From my perspective, I wanted the legislators to go further with their change to the module. I wanted the legislators to do what we recommend body corporates do, which is at their first Annual General Meeting.

So this is the first time that a body corporate is in control of the meeting after the initial period from the original owner. But at that time, it consider the type of motions to go on its first Annual General Meeting, and at that time, say we want to hire an independent expert to look over all our aspects of common property and report to us as to whether or not there is any problems within our building. Because at that first Annual General Meeting, it’s quite possible that the original owner, the developer, still exists and that the builder is still attending to other defects pursuant to the building contract it signed with the original owner. 

So I would have liked the legislators to have actually made it mandatory at that time for a body corporate lawyers Gold Coast its first Annual General Meeting to specifically deal with those residential building defects. Obviously, this is a very big topic at the moment, particularly when we look at what happened in Miami in the United States with the falling down of that building and we’ll certainly learn a lot in the future with respect to those types of buildings, but particularly here in Queensland where we have substantial building work and new builds going on at the moment which are in the vicinity of the beachfront, they’re built on sand, are affected by weather, are affected by poor building practices and are affected by sinkholes. We are going to really need to focus in the future on residential building defects and we need to start looking at those issues now. 

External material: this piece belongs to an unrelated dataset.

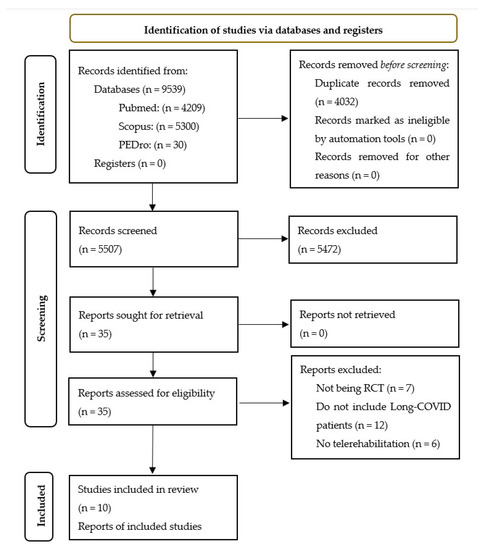 Medline (via Pubmed): (“post-acute COVID-19 syndrome” OR “post-acute COVID syndrome” OR “long-COVID” OR “long COVID” OR “long-haul COVID” OR “long haul COVID” OR “persistent COVID-19” OR “long hauler COVID” OR “post-acute sequelae of SARS-CoV-2 infection” OR “chronic COVID syndrome” OR “post-COVID” OR “post COVID” OR “long-term COVID-19” OR “post-COVID syndrome” OR “post-COVID-19 syndrome” OR “post COVID-19 condition” OR “post-COVID-19 condition” OR “post-COVID-19 conditions” OR “post-COVID conditions” OR “post-COVID condition” OR “COVID-19 persistent symptoms” OR “COVID-19 consequences” OR “Ongoing symptomatic COVID-19”) AND (“Physical Therapy Modalities” OR “modalities, Physical Therapy” OR “modality, Physical Therapy” OR “physical Therapy Modality” OR “physiotherapy (Techniques)” OR “physiotherapies (Techniques)” OR “physiotherapy” OR “physical” OR “therapy” OR “therapies” OR “physical Therapy Techniques” OR “physical Therapy Technique” OR “techniques, Physical Therapy” OR “group Physiotherapy” OR “group Physiotherapies” OR “physiotherapies, Group” OR “physiotherapy, Group” OR “physical Therapy” OR “physical Therapies” OR “therapy, Physical” OR “neurological Physiotherapy” OR “physiotherapy, Neurological” OR “neurophysiotherapy” OR “Physical Therapy Specialty” OR “Specialty, Physical Therapy” OR “Therapy Specialty, Physical” OR “Physiotherapy Specialty” OR “Specialty, Physiotherapy” OR “Rehabilitation” OR “Habilitation” OR “Exercise Therapy” OR “Remedial Exercise” OR “Exercise, Remedial” OR “Exercises, Remedial” OR “Remedial Exercises” OR “Therapy, Exercise” OR “Exercise Therapies” OR “Therapies, Exercise” OR “Rehabilitation Exercise” OR “Exercise, Rehabilitation” OR “Exercises, Rehabilitation” OR “Rehabilitation Exercises” OR “activity” OR “activities” OR “exercise” OR “training” OR “Exercise Movement Techniques” OR “Movement Techniques, Exercise” OR “Exercise Movement Technics” OR “Pilates-Based Exercises” OR “Exercises, Pilates-Based” OR “Pilates Based Exercises” OR “Pilates Training” OR “Training, Pilates” OR “Telerehabilitations” OR “Tele-rehabilitation” OR “Tele rehabilitation” OR “Tele-rehabilitations” OR “Remote Rehabilitation” OR “Rehabilitation, Remote” OR “Rehabilitations, Remote” OR “Remote Rehabilitations” OR “Virtual Rehabilitation” OR “Rehabilitation, Virtual” OR “Rehabilitations, Virtual” OR “Virtual Rehabilitations”)

So just a reminder when you’re dealing with a new build and particularly at your second Annual General Meeting, remember the new requirement in the module. But based on my recommendation, take it a step further and deal with those issues at your first Annual General Meeting. 

Thank you very much for taking the time to listen to me today. As you are aware, I’m Juliette Nairn of OMB Solicitors and residential building defects and dealing with them from a body corporate lawyers Gold Coast perspective is something that I have done since 1997 and it’s something that I’m quite passionate in making sure that we’re increasing the building standards within our body corporate buildings, particularly in Queensland.